There are two schools of thought on backpacking food.
The first: calories are calories. Pack light, eat enough, move on.
The second: you're walking 10 to 20 miles a day through some of the most beautiful places on earth. The food should be good too.
We're in the second camp. This is a food lover's guide to a 3 to 7 day backpacking trip:what we've loved bringing, what other hikers who care about eating well have sworn by, and a few small luxuries that are completely unnecessary and absolutely worth it. Adjust everything to your taste.
Backpacking Breakfast: Simple, Warm, and Worth Waking Up For
Breakfast on trail doesn't need to be elaborate. It does help if it's something you actually want to eat when the morning is cold and your sleeping bag is still warm.
Good Instant Coffee Is Worth the Extra Ounces
The instant coffee market has gotten genuinely good. First Ascent, Farm to Summit and Bear Box Brew are all worth trying. Good coffee changes the morning mood immediately. Bring it.
High-Quality Breakfast Bars
A few we keep coming back to:
- Off The Farm bars — rich, dense, and feel more like dessert than trail food
- Kate's Real Food bars — soft, oat-based, made in Wyoming
- On Trail Bars — new-to-market and great flavor options
- ProBar Meal bars — dense enough to carry you through a long morning
The Breakfast Worth Going Out of Your Way For
On one rest day we made breakfast tacos. Dehydrated eggs, tortillas, shredded cheese, bacon bits, hot sauce, and an avocado that had been carefully protected inside a Pringles can for three days. It was completely unnecessary. It was also one of the best breakfasts we've ever had outside. There's a case for bringing one real breakfast on any trip longer than four days.
Backpacking Lunch: Better Than Another Bar
Lunch on trail is usually where food quality drops off the most. People snack instead of stopping, grab a bar, keep moving. That works. But if you're willing to carry a few real ingredients, lunch can feel like an actual meal.
The Trail Sandwich
If your pack has a stretchy front pocket — many Gossamer Gear packs do — you can carry a real loaf of bread for the first couple of days. Add sliced cheese, salami or deli meat, sweet peppers, and a few condiment packets. It's simple, satisfying, and wildly better than a fifth consecutive bar.
Sides Worth Adding
Freeze-dried edamame, chips, olives, trail mix — something salty on the side makes lunch feel complete. And if you're hiking with someone who appreciates the absurdity of trail luxury, bring a tiny Coke. Bowl & Kettle’s founder carried one so consistently it became part of how he got his trail name: Fizz. Worth every ounce.

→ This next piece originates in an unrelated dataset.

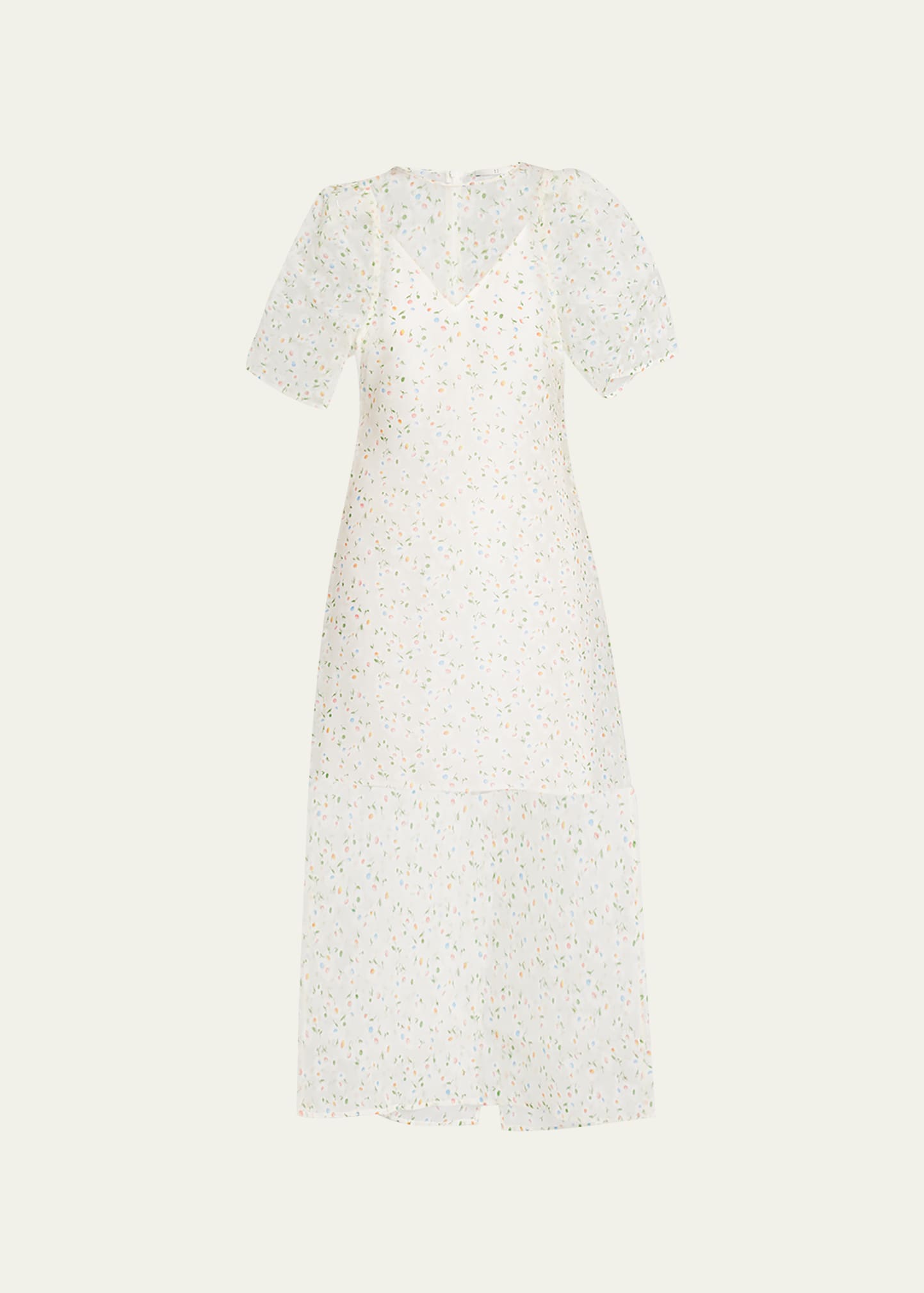 Rohe sheer midi dress with a lined slip dress in a floral-printed silk-organza High crew neckline Short puff sleeves Slip silhouette Hem falls below the knee Back zipper Silk Dry clean Imported
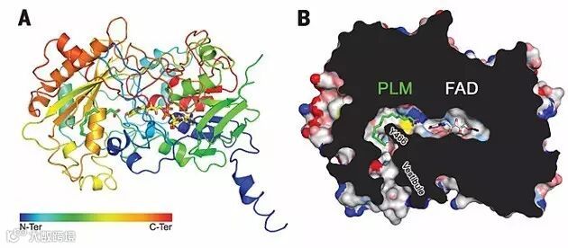 为了进一步研究FAP的活性,研究者表达并纯化了FAP蛋白。质谱分析结果显示,FAP中包含一个黄素腺嘌呤二核苷酸(FAD),而FAD通常是生物化学反应中的氧化还原辅因子。在不同波长的可见光下,研究者比较了酶活性的差别,发现FAP在蓝光(400 nm至520 nm)下有活性。这个波长范围正是FAD的吸收范围,而且光照后反应立刻发生,关闭光源之后反应立刻停止,于是研究者推测,FAD在酶催化中起到了光捕获的作用,并以所获光能驱动反应发生。研究者随后进行了蛋白质结构研究,以棕榈酸(PLM)为底物,得到了FAP-FAD-PLM的立体结构(下图),其中FAP的脂肪酸结合位点所在的疏水通道正通向捕获光的FAD。

Backpacking Snacks: The Unsung Heroes of a Long Trip
Most of your calories on a 3 to 7 day backpacking trip will come from snacks. They're easy to eat while moving and keep your energy steady throughout the day. Variety matters more than most people expect because appetite fatigue sets in fast when you're eating the same thing every few miles.
Backpacking Snacks We Keep Coming Back To
- Goldfish — salty, crunchy, and strangely satisfying at mile 14
- Peanut M&M's — one of the most calorie-dense things you can carry that’s literally just candy
- Fruit leather — a good change of pace from chocolate and nuts
- Smoothie on the go — try Neve!
- Jerky or meat sticks — protein that doesn't require stopping
- Nut butter packets — easy calories, no spoon required (we love Trail Butter!)
- Sesame sticks — underrated, hold up well, good with everything
Backpacking Dinner: The Meal That Holds the Day Together
Dinner is the emotional center of a backpacking day. You're tired. You're hungry. The sun is dropping behind the ridge. This is not the meal to cut corners on.
Freeze-Dried Backpacking Meals
A good freeze-dried meal is hard to beat for weight and convenience. The key word is good. Not all freeze-dried meals are the same; the difference between a meal that tastes like survival and one that tastes like dinner is real, and it comes down to ingredients, recipes, and whether the people making it actually care what it tastes like after 18 miles. That's the whole reason Bowl & Kettle exists.
Ramen as a Pre-Dinner Appetizer
This has become a trail tradition we'd have a hard time giving up. Before the main meal, make a quick packet of instant ramen and share it. It's salty and comforting and it buys time while the freeze-dried meal hydrates. Two courses at camp. Nobody said you couldn't.
Something Sweet After
Peanut butter cups, a good chocolate bar, stroopwafels, a couple of cookies — a little dessert goes a long way at camp. Pair it with mint tea if the temperature drops. Light, warm, and the perfect signal that the day is done.
The Real Secret to Eating Well on a Backpacking Trip
It's not about optimizing every ounce. It's about knowing what makes you excited to eat at the end of a long day outside, and then actually bringing it.
Some hikers obsess over calorie-to-weight ratios. Others carry an avocado in a Pringles can just because they can. There's room for both out there.
Pack what sounds good to you. Leave room for a few small luxuries. You'll probably eat better out there than you expect.